= Beginning of Section =

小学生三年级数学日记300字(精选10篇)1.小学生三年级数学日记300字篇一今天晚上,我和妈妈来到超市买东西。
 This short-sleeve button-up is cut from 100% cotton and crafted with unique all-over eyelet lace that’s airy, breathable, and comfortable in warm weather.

= End of Section =
= Beginning of Section =

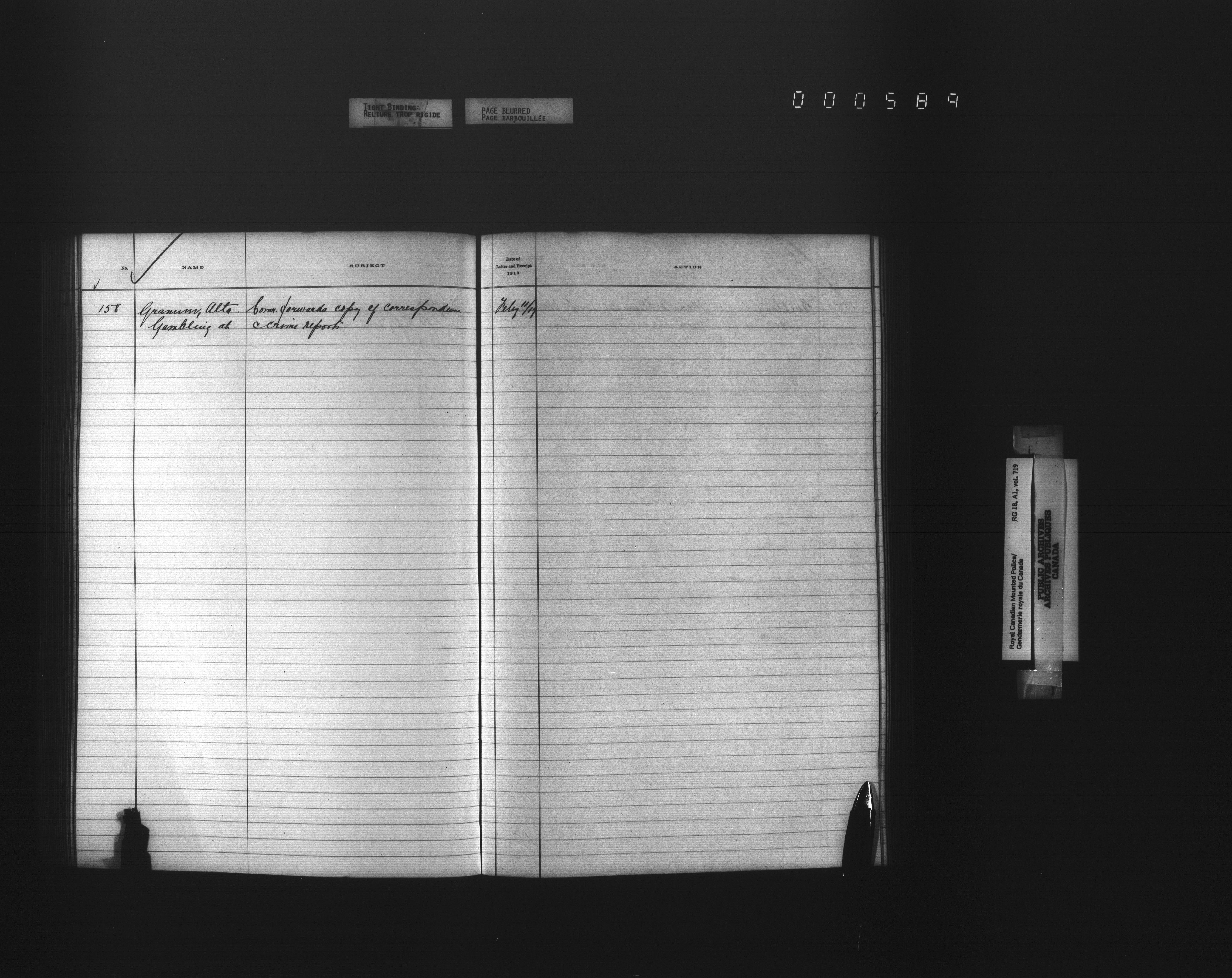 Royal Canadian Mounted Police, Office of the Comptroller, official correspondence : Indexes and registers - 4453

= End of Section =

» Task
Write out, from the lines above, only those from the line with "小学生三年级数学日记300字(精选10篇" to the line with "This short-sleeve button-up", exactly as given, including the first and the last.

» Response for this exercise
小学生三年级数学日记300字(精选10篇)1.小学生三年级数学日记300字篇一今天晚上,我和妈妈来到超市买东西。
 This short-sleeve button-up is cut from 100% cotton and crafted with unique all-over eyelet lace that’s airy, breathable, and comfortable in warm weather.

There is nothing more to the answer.